_EXERCISE_
For this exercise, repeat exactly the lines below starting at the line holding "Same as the" and ending at the line holding "- Sala de estar", both included, with no extra lines and no pictures.

_INFORMATION SUPPLIED_
* * * * * * *

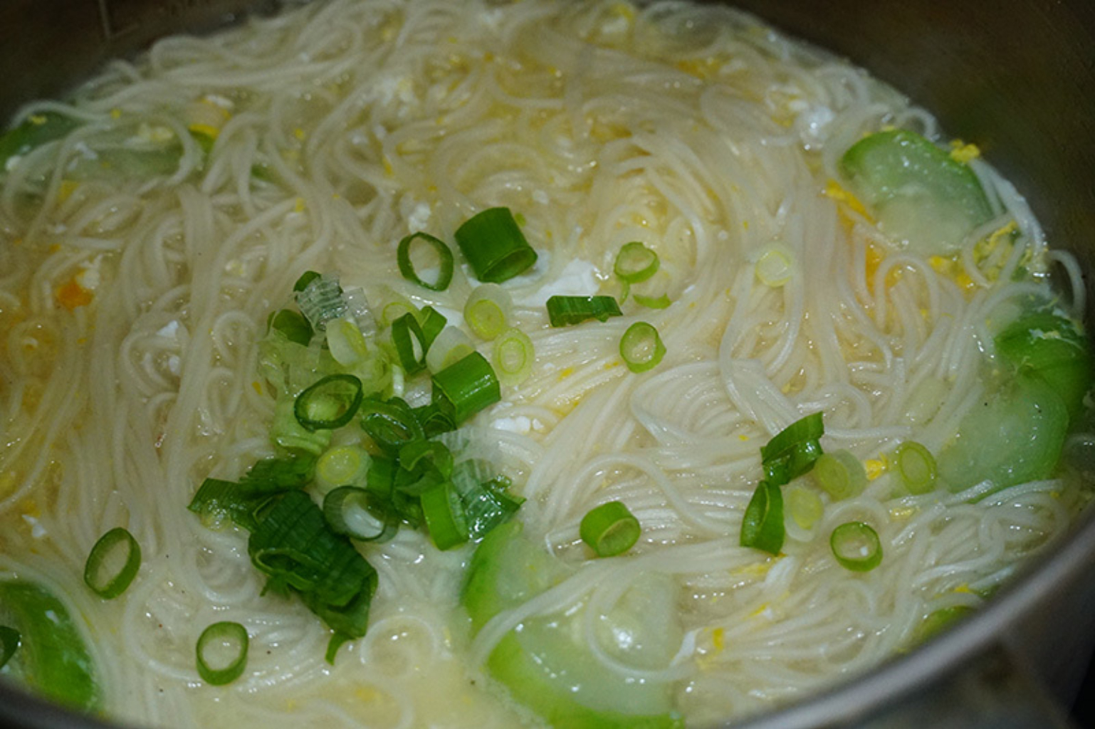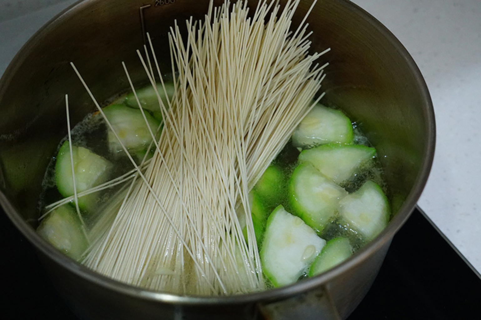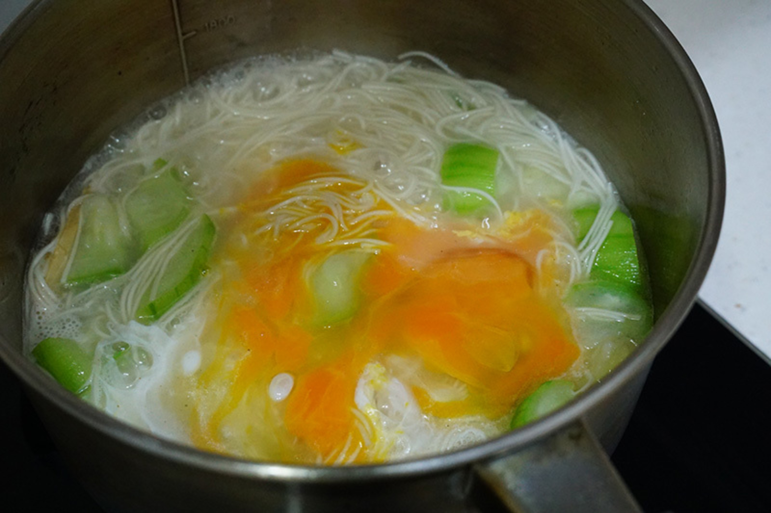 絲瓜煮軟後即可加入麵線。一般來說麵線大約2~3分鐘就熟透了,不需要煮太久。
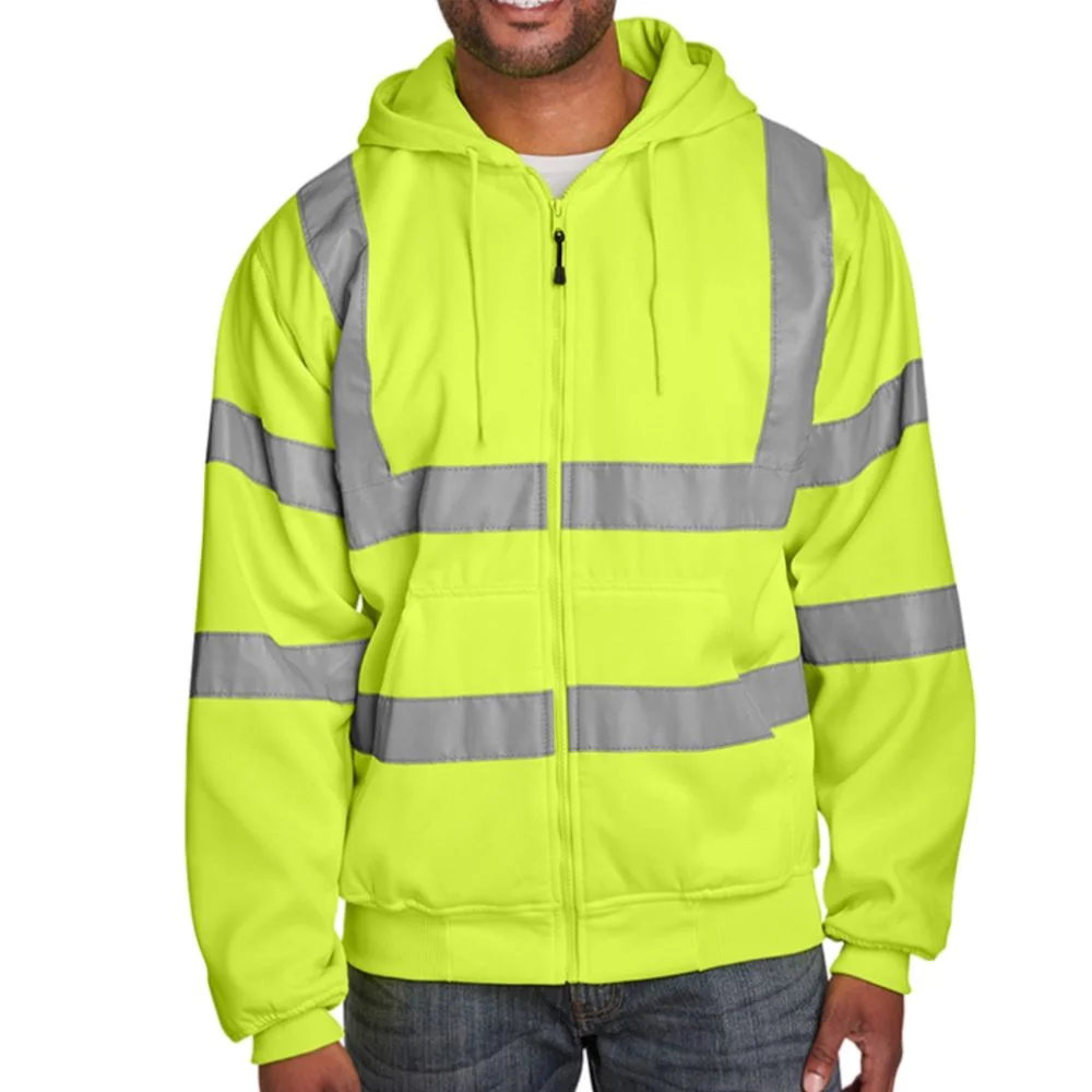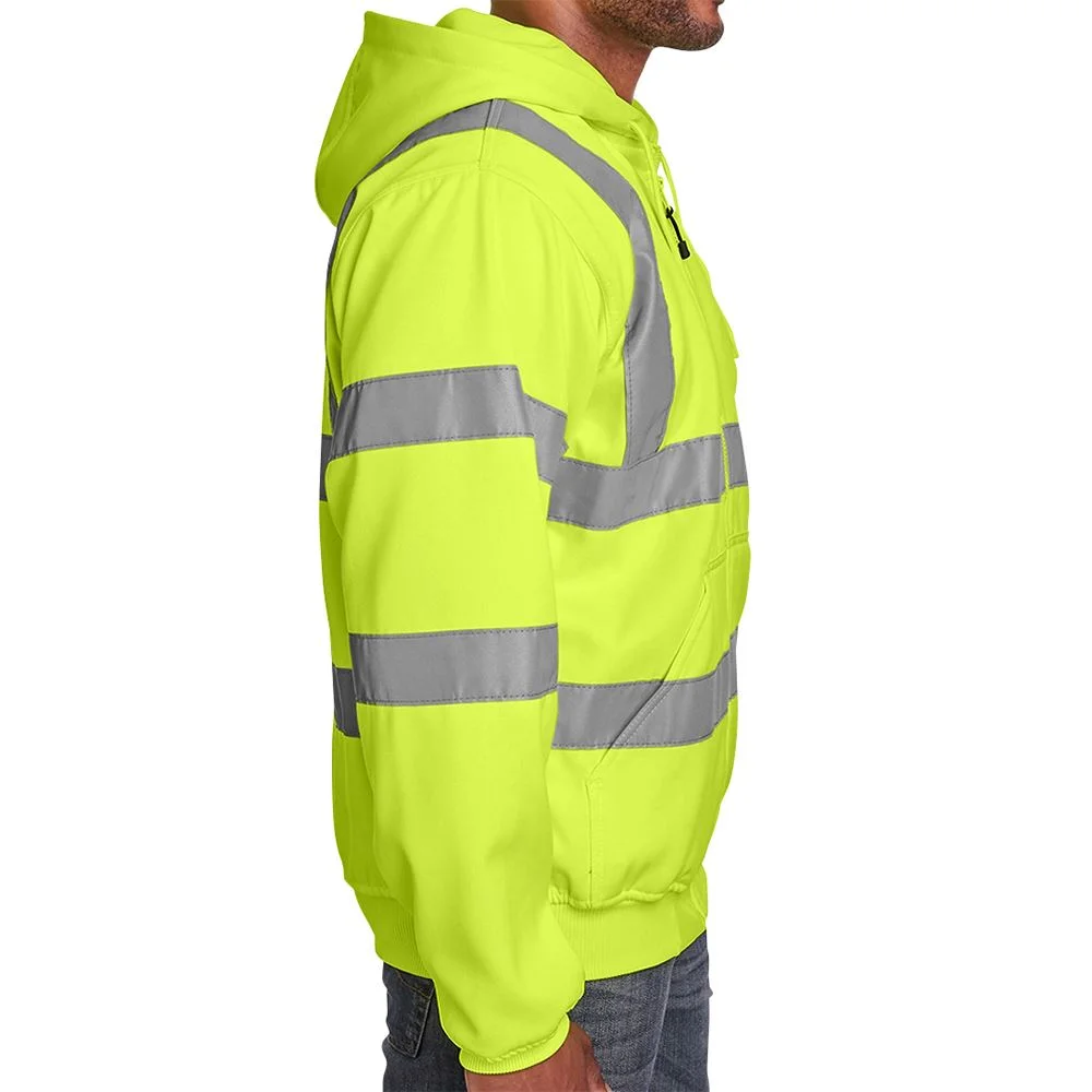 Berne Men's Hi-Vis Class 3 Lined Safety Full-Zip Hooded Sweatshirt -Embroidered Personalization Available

* * * * * * *

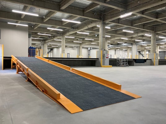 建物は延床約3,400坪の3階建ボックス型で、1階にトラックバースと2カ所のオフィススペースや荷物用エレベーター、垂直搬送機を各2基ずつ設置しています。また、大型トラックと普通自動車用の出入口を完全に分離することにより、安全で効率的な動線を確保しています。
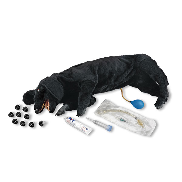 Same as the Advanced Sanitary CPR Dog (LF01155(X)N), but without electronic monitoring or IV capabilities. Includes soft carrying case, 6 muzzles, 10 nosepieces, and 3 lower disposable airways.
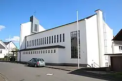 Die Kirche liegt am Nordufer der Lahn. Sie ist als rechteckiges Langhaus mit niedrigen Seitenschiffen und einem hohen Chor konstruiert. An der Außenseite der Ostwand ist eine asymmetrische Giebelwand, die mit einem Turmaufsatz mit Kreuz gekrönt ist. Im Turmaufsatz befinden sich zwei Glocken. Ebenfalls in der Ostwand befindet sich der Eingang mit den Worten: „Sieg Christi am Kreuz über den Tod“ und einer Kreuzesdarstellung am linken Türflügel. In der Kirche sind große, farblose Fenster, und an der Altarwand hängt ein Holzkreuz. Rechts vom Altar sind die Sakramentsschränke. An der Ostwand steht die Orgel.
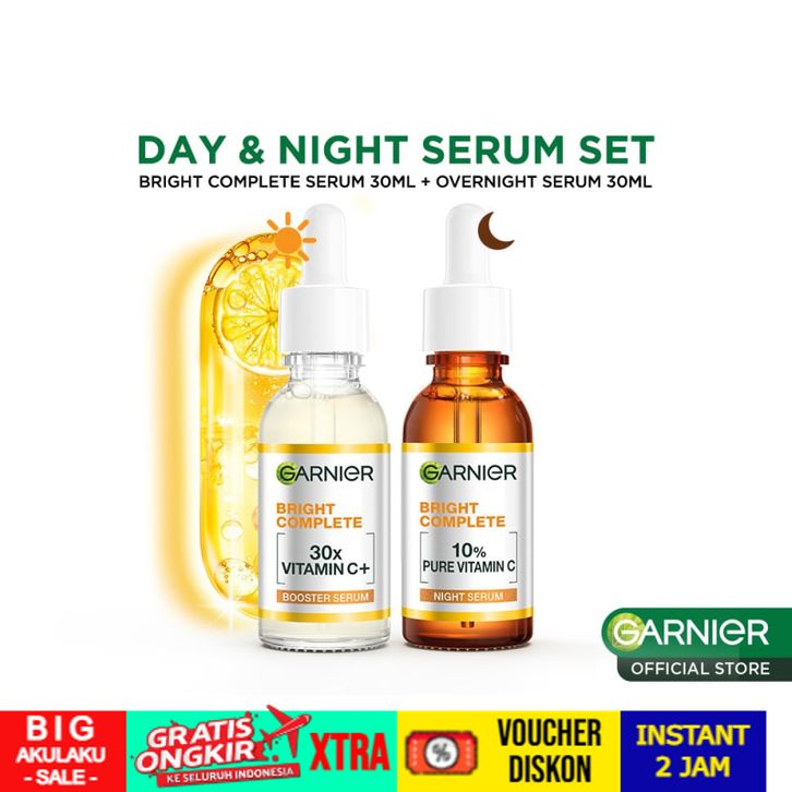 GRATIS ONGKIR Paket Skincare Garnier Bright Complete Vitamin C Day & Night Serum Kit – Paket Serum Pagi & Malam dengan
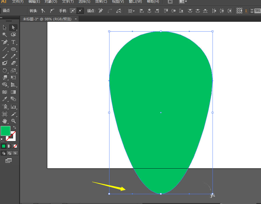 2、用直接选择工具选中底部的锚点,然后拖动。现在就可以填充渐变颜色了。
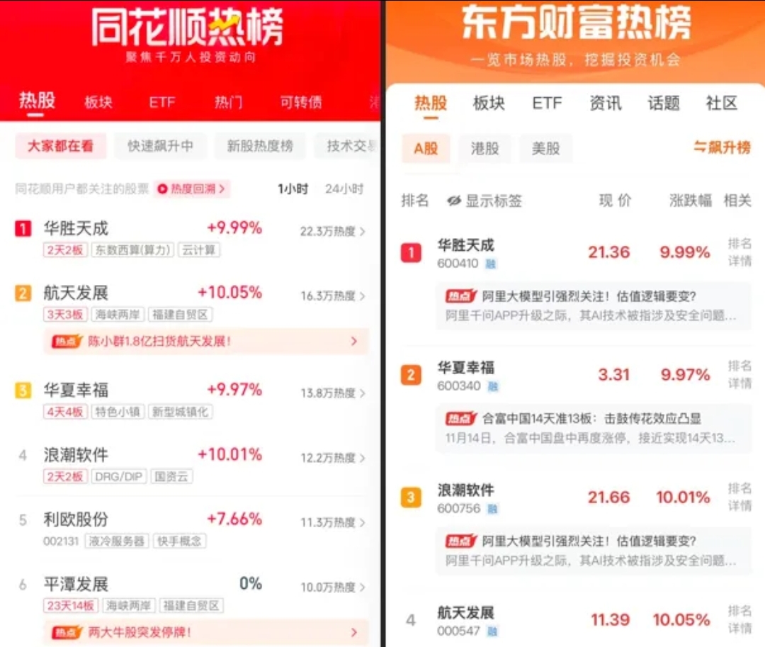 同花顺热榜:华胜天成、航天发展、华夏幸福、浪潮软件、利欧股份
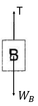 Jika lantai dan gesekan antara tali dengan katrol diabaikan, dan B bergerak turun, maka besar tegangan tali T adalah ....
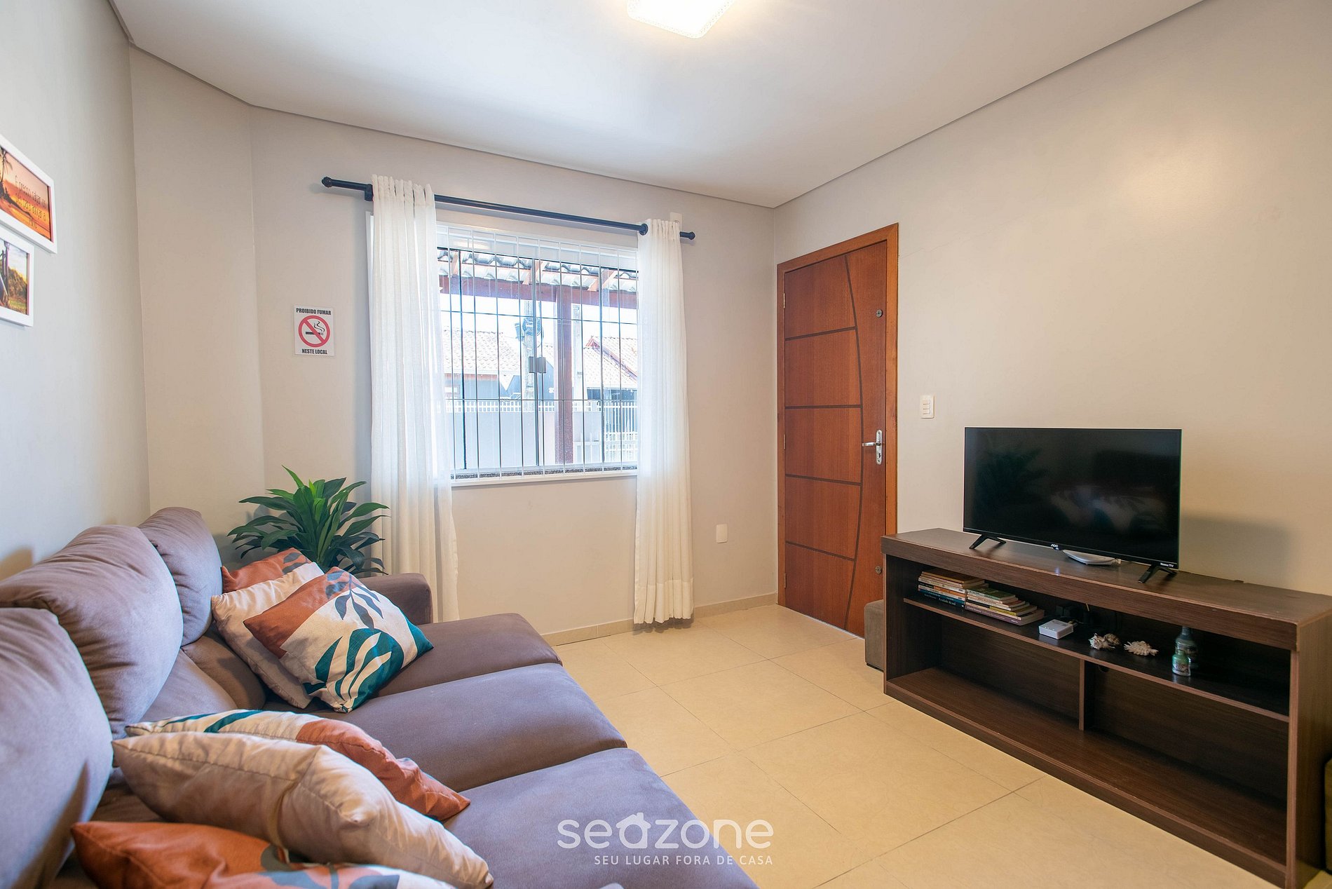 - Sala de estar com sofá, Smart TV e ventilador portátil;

* * * * * * *

_EXERCISE SOLUTION_
 Same as the Advanced Sanitary CPR Dog (LF01155(X)N), but without electronic monitoring or IV capabilities. Includes soft carrying case, 6 muzzles, 10 nosepieces, and 3 lower disposable airways.
 Die Kirche liegt am Nordufer der Lahn. Sie ist als rechteckiges Langhaus mit niedrigen Seitenschiffen und einem hohen Chor konstruiert. An der Außenseite der Ostwand ist eine asymmetrische Giebelwand, die mit einem Turmaufsatz mit Kreuz gekrönt ist. Im Turmaufsatz befinden sich zwei Glocken. Ebenfalls in der Ostwand befindet sich der Eingang mit den Worten: „Sieg Christi am Kreuz über den Tod“ und einer Kreuzesdarstellung am linken Türflügel. In der Kirche sind große, farblose Fenster, und an der Altarwand hängt ein Holzkreuz. Rechts vom Altar sind die Sakramentsschränke. An der Ostwand steht die Orgel.
 GRATIS ONGKIR Paket Skincare Garnier Bright Complete Vitamin C Day & Night Serum Kit – Paket Serum Pagi & Malam dengan
 2、用直接选择工具选中底部的锚点,然后拖动。现在就可以填充渐变颜色了。
 同花顺热榜:华胜天成、航天发展、华夏幸福、浪潮软件、利欧股份
 Jika lantai dan gesekan antara tali dengan katrol diabaikan, dan B bergerak turun, maka besar tegangan tali T adalah ....
 - Sala de estar com sofá, Smart TV e ventilador portátil;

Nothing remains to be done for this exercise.